Drawing Capital Newsletter
October 2, 2020
For those who are displeased with their index funds and over-diversified allocations, you are not alone.
The world’s response to COVID-19 has fueled the adoption of new technologies and forced adjustments in consumer and corporate spending. As a result of a drastic shift in behavior and norms, pricing asymmetries and divergence can be seen across the board. Value-oriented stocks have continued their trend of underperformance, creating a drag on indices while shareholders in mega-cap tech stocks reach a new level of confidence. We see this represented in 1-year equity returns above (Figure 1).
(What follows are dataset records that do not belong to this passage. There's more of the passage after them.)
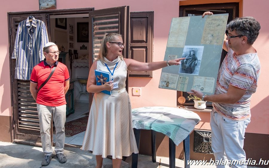 A párbeszédet követően Róna Tamás főrabbi megfújta a sofárt (ősi zsidó fúvós hangszer, kosszarv), majd kezdetét vette Oláh Adrián és Bakos Ágnes vezetésével a kiskunhalasi zsidó helytörténeti gyűjtemény bemutatása. Az egykori rabbi lakban berendezett kiállításon zsidó háztartási használati eszközöket, és eredeti - még nem látott- a holokauszt időszakához kapcsolódó tárgyakat lehetett megtekinteni. Ilyen többek között, egy eredeti, a II. VH idején a zsidók ruháján kötelezően viselt sárgacsillag mellet, az Európában is ritkaságszámba menő munkatábori rabruha. A szürke, kékcsíkos, nyers szövetből készült rabruhát a Kiskunhalason élő, 98 esztendős, Krausz Dezsőné (Bakos Ágnes nagymamája) eddig a szekrénye mélyén őrzött, és most a kiállításra átadott. Krausz Dezsőné visszaemlékezéseit a Halas Televízió rögzítette korábban, és idekattintva megnézhetik olvasóink!
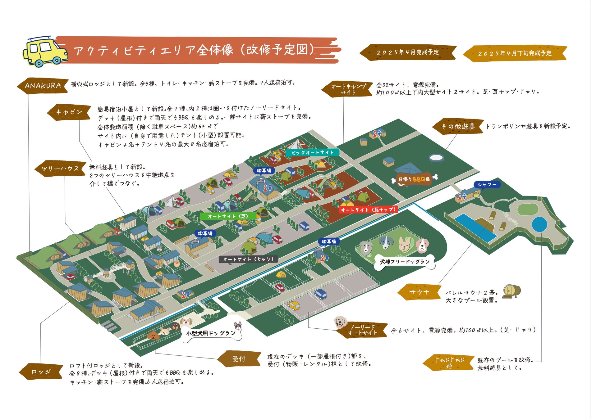 すでに2024年5月より工事に着手し、2025年4月上旬中によりグランドオープンとなる予定です。設計施工管理を、篠山城下町ホテル NIPPONIA の設計で有名な地元の「才本建築事務所」が担当、サービス及びオペレーション設計につきましては、全国10箇所以上でキャンプ場・グランピング場を展開する「VILLAGE INC.(ヴィレッジインク)」社のサポートのもとプロジェクトを進めております。
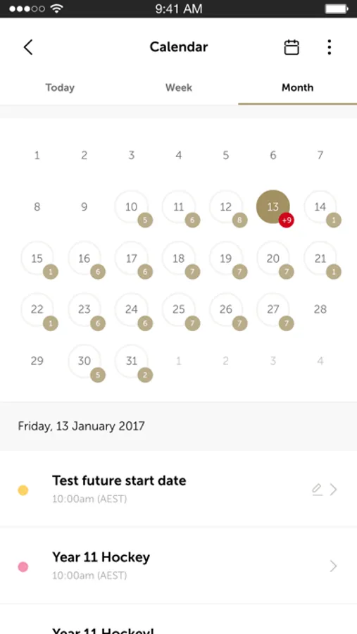 The School Calendar contains details on events and key dates at the School. Click on the event to see further details and information or search for an event. The calendar can also be used as an eDiary with students having the ability to add homework tasks for completion. The calendar menu item will show how many events are in your calendar for that day.

1-Year Returns of Major Index ETFs
Nasdaq-100 (QQQ): +50.24%
Vanguard Growth (VUG): +39.79%
Vanguard Small-Cap Growth (VBK): +20.19%
SPDR S&P 500 (SPY): +15.79%
SPDR Dow Jones Industrial Average (DIA): +5.92%
iShares Russell 2000 (IWM): +1.23%
Vanguard Value (VTV): -3.03%
Vanguard Small-Cap Value (VBR): -11.43%
As a result of this explosive growth, one of the most common questions we receive is: “Is this just another tech bubble?”
Let’s focus on the top 4 companies in the Nasdaq-100 Index.
Figure 2 below illustrates the change in price and earnings (last 12 months) over a 5-year period from September 29, 2015, through September 30, 2020.
The data over this 5-year period can be further interpreted by more closely reviewing the changes in the metrics below.
To draw on some of the key points, as shown above:
Although there has been significant price appreciation over the last 5 years, those prices are largely supported by earnings growth.
In addition to earnings, each of the companies identified above proves to have strong balance sheets with thoughtful use of debt.
The NASDAQ leaders referenced above exhibit strong revenue growth, significant market share in their primary business segments, and the ability to reinvest billions of dollars of capital into R&D and further innovation.
In conclusion, we do not believe that the recent price appreciation of the stock prices of big tech names is unwarranted, nor do we believe that this is a price bubble. This is contrasted with the 2000 Tech Bubble, in which stocks were soaring with no support of underlying revenue growth or free cash flow to support their wild valuations.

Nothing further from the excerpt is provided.